▶ **GIVEN MATERIAL**
········

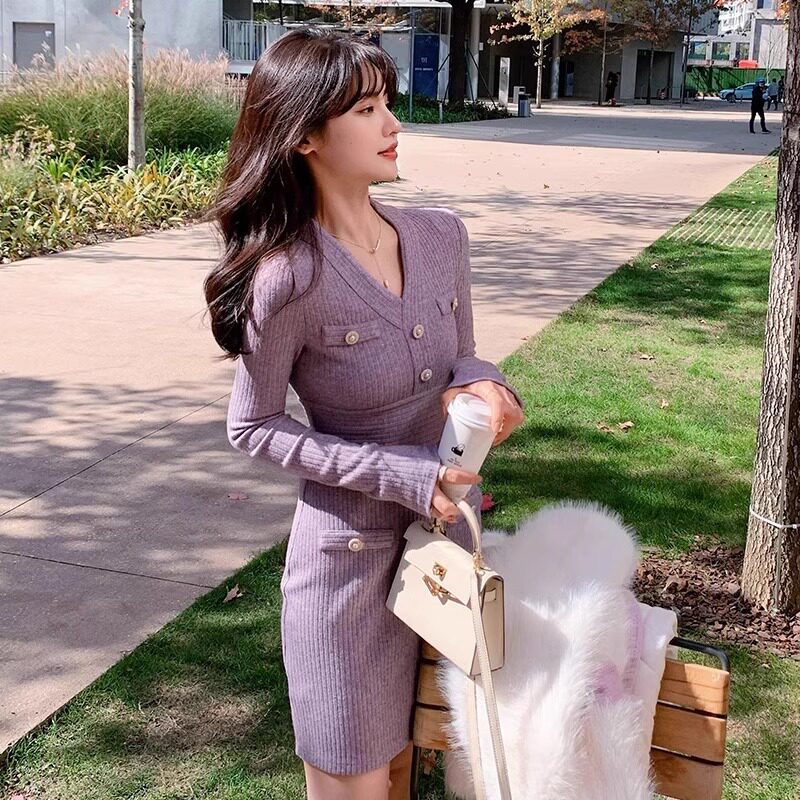 LILY MOST灰色v领长袖毛衣裙女秋冬季内搭打底针织包臀紧身连衣裙
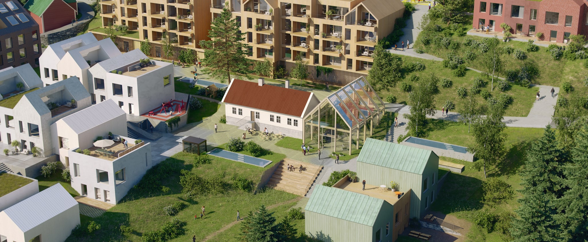 I utkanten av nabolaget planlegges en egen barnehage, slik at småbarnsfamilier får en lettstelt hverdag uten lange transportetapper. I tillegg skal det oppføres et stort drivhus — et grønt møtested for fellesskap, sosiale samlinger, planteglede og rekreasjon. Som en hyggelig gest mot områdets historie, skal det gamle gårdshuset og låven i Dolvik gjøres om til felleslokaler for beboerne, og være en arena for sosiale sammenkomster, nabotreff eller bare et sted å møtes over en kopp kaffe. I utkanten av nabolaget er det planlagt ballbinge, slik at også de større barna skal ha et sted å være.
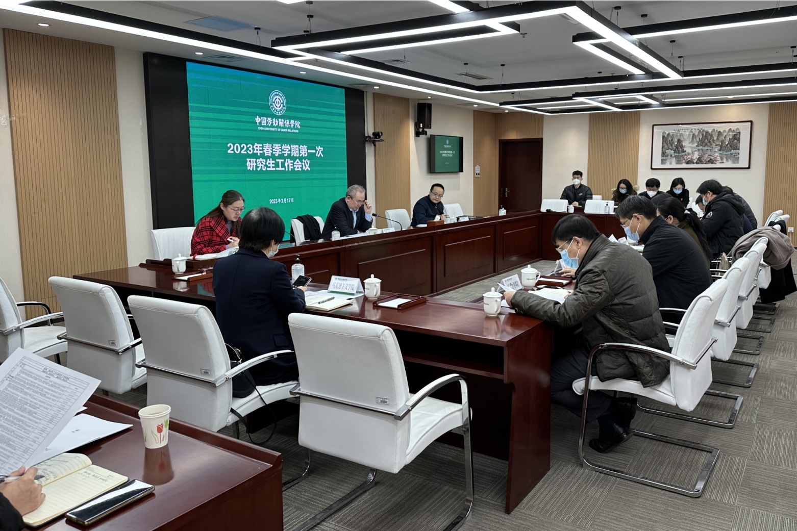 傅德印校长强调,本学期研究生教育教学工作总体任务是要全面深入学习贯彻习近平新时代中国特色社会主义思想和党的二十大精神,贯彻落实《中华全国总工会关于支持中国劳动关系学院特色一流大学建设的意见》,扎实推进学校“十四五”学科建设与研究生教育发展规划,以构建特色鲜明、优质高效的研究生教育教学体系,推动研究生教育再上台阶。他从学科建设、人才培养、制度体系建设三方面,就本学期重点工作提出具体要求:一是强化特色、突出优势,围绕学科建设方向,开展师资队伍、人才培养、学术研究、研究成果、学术平台等要素建设工作,努力提升学科建设成效,切实解决制约学校学科发展的问题;二是紧扣人才培养关键环节,强化质量意识,围绕各专业课程体系,切实加强课程建设,优化完善教学内容,改进创新教学方法与手段,持续深化产教融合培养机制改革,努力提升研究生教育水平;三是夯实基础,进一步完善研究生教育教学管理制度体系与质量保障体系,围绕学校研究生管理要求,构建形成以教学运行、教学督导、信息反馈与改进落实的闭环质量管理体系,持续提升研究生教育教学质量。

········

▶ **EXERCISE GOAL**
Would you write out all of the data exactly as it stands, without the pictures?

▶ **EXERCISE ANSWER**
 LILY MOST灰色v领长袖毛衣裙女秋冬季内搭打底针织包臀紧身连衣裙
 I utkanten av nabolaget planlegges en egen barnehage, slik at småbarnsfamilier får en lettstelt hverdag uten lange transportetapper. I tillegg skal det oppføres et stort drivhus — et grønt møtested for fellesskap, sosiale samlinger, planteglede og rekreasjon. Som en hyggelig gest mot områdets historie, skal det gamle gårdshuset og låven i Dolvik gjøres om til felleslokaler for beboerne, og være en arena for sosiale sammenkomster, nabotreff eller bare et sted å møtes over en kopp kaffe. I utkanten av nabolaget er det planlagt ballbinge, slik at også de større barna skal ha et sted å være.
 傅德印校长强调,本学期研究生教育教学工作总体任务是要全面深入学习贯彻习近平新时代中国特色社会主义思想和党的二十大精神,贯彻落实《中华全国总工会关于支持中国劳动关系学院特色一流大学建设的意见》,扎实推进学校“十四五”学科建设与研究生教育发展规划,以构建特色鲜明、优质高效的研究生教育教学体系,推动研究生教育再上台阶。他从学科建设、人才培养、制度体系建设三方面,就本学期重点工作提出具体要求:一是强化特色、突出优势,围绕学科建设方向,开展师资队伍、人才培养、学术研究、研究成果、学术平台等要素建设工作,努力提升学科建设成效,切实解决制约学校学科发展的问题;二是紧扣人才培养关键环节,强化质量意识,围绕各专业课程体系,切实加强课程建设,优化完善教学内容,改进创新教学方法与手段,持续深化产教融合培养机制改革,努力提升研究生教育水平;三是夯实基础,进一步完善研究生教育教学管理制度体系与质量保障体系,围绕学校研究生管理要求,构建形成以教学运行、教学督导、信息反馈与改进落实的闭环质量管理体系,持续提升研究生教育教学质量。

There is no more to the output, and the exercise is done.